== Material provided
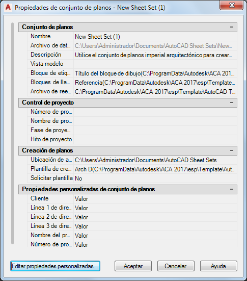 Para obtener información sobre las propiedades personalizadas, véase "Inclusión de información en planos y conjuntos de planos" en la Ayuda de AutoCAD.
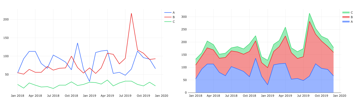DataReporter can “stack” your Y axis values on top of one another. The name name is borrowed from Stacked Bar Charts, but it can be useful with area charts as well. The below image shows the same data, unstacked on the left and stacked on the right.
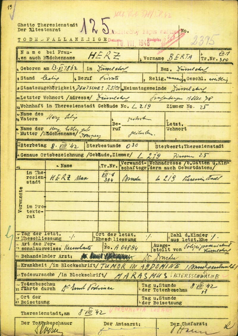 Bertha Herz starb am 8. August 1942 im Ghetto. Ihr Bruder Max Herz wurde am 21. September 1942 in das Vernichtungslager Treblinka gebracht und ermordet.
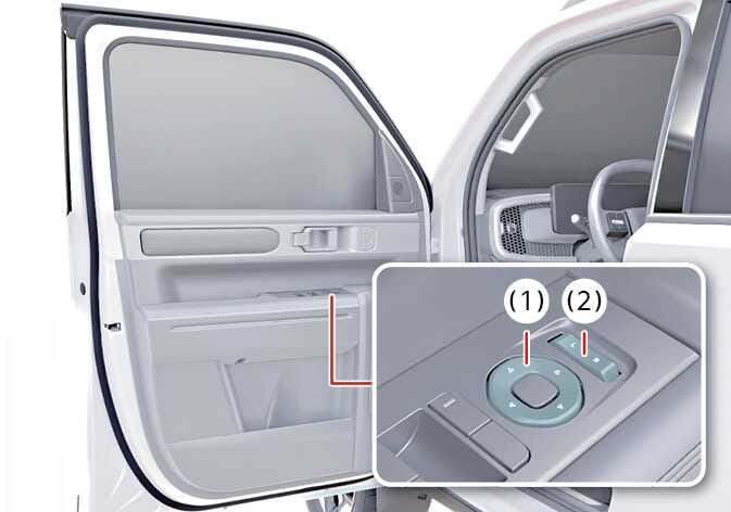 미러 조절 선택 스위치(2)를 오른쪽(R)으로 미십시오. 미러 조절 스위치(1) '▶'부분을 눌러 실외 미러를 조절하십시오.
====
== Material provided
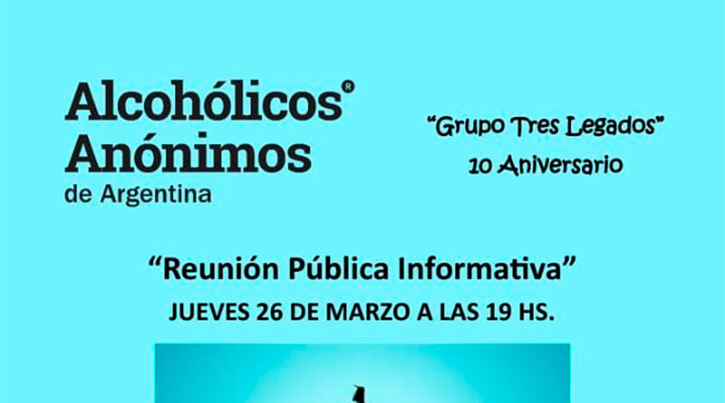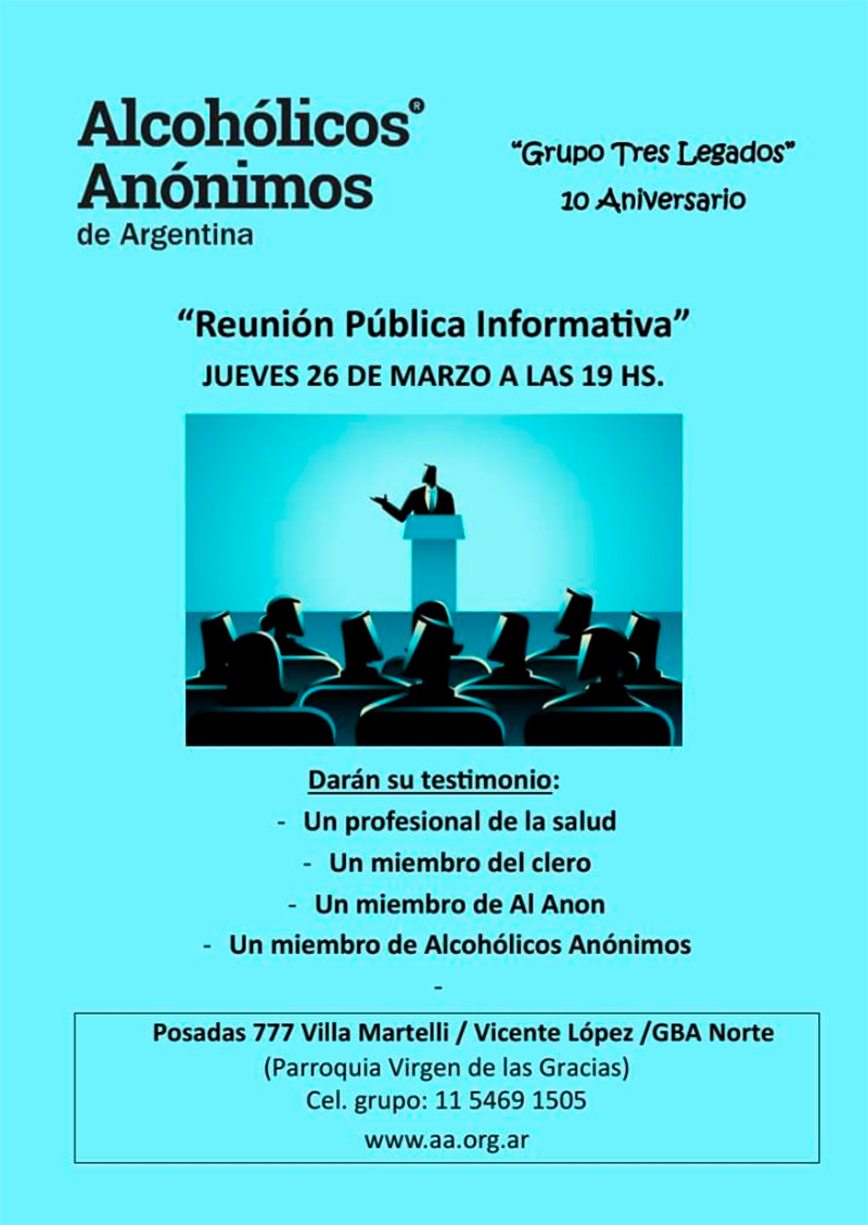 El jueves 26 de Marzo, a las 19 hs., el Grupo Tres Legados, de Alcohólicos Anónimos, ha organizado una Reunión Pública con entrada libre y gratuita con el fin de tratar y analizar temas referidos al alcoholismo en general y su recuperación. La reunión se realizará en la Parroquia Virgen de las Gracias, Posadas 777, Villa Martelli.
====
Only one part of the material above is wanted: the lines from the one with "Para obtener información" up to and including the one with "on the right.". Please copy them exactly, pictures left out.

■ Written response:
 Para obtener información sobre las propiedades personalizadas, véase "Inclusión de información en planos y conjuntos de planos" en la Ayuda de AutoCAD.
DataReporter can “stack” your Y axis values on top of one another. The name name is borrowed from Stacked Bar Charts, but it can be useful with area charts as well. The below image shows the same data, unstacked on the left and stacked on the right.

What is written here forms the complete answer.